# Chainfre 3D on nexus 7



## digitsix (Jul 10, 2012)

Just tried it, didnt work. Installed ok but wont boot, stick on google logo. It actually broke my recovery as well so I had to fastboot flash the recovery again, then restore my nandroid.

Anyone have different results?


----------



## frenetic (Nov 30, 2011)

digitsix said:


> Just tried it, didnt work. Installed ok but wont boot, stick on google logo. It actually broke my recovery as well so I had to fastboot flash the recovery again, then restore my nandroid.
> 
> Anyone have different results?


Exactly what happens to me. CM10 and stock.


----------



## droidmakespwn (Jun 14, 2011)

The recovery thing is actually a nexus 7 wide problem. To enter recovery you either had to use an app like goo manager to reboot recovery or I have also heard that trying to enter recovery while plugged in to any computer works.
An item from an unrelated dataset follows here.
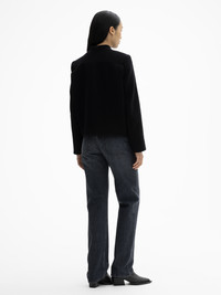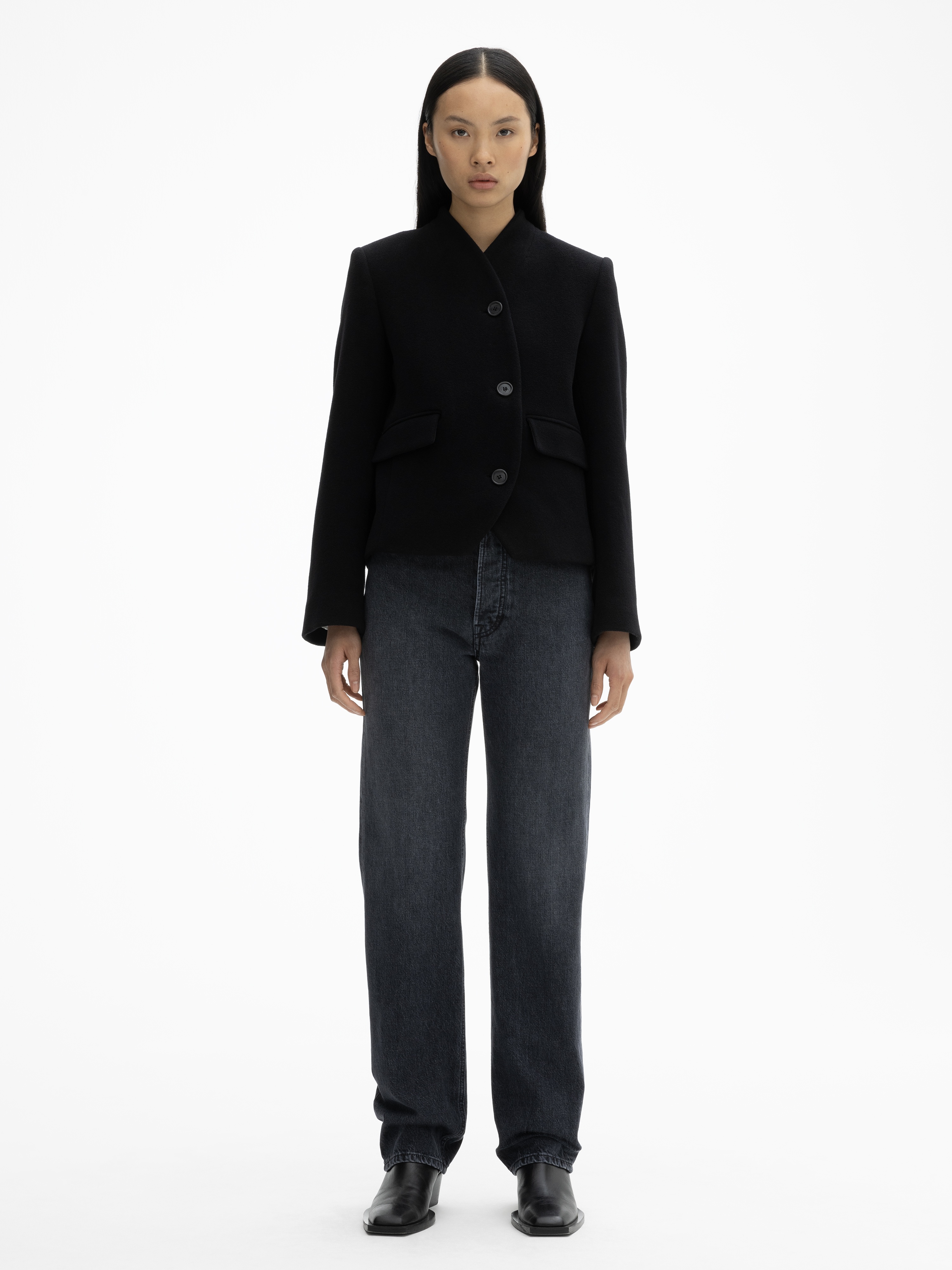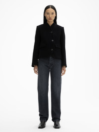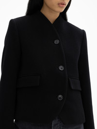 Tailored stand-collar jacket made from Italian wool with a curved front closure, flap pockets, and knife pleats at the back for a rounded look. Fully lined. FIT & SIZING Model is 175cm/ 5'7" and is wearing a size 36, UK 8, US 4. MATERIAL 65% Recycled wool, 35% Recycled polyamide. GARMENT CARE Dry clean only. GARMENT ORIGIN Produced in Portugal

Sent from my Nexus 7 using Tapatalk 2


----------



## digitsix (Jul 10, 2012)

droidmakespwn said:


> The recovery thing is actually a nexus 7 wide problem. To enter recovery you either had to use an app like goo manager to reboot recovery or I have also heard that trying to enter recovery while plugged in to any computer works.
> 
> Sent from my Nexus 7 using Tapatalk 2


I can boot into recovery at any time using rom manger's "reboot to recovery" option or holding vol down when starting, then selecting recovery. It only broke when I installed Chainfire 3d. I'm using CWM 6.0.0.8 touch, no problems here.


----------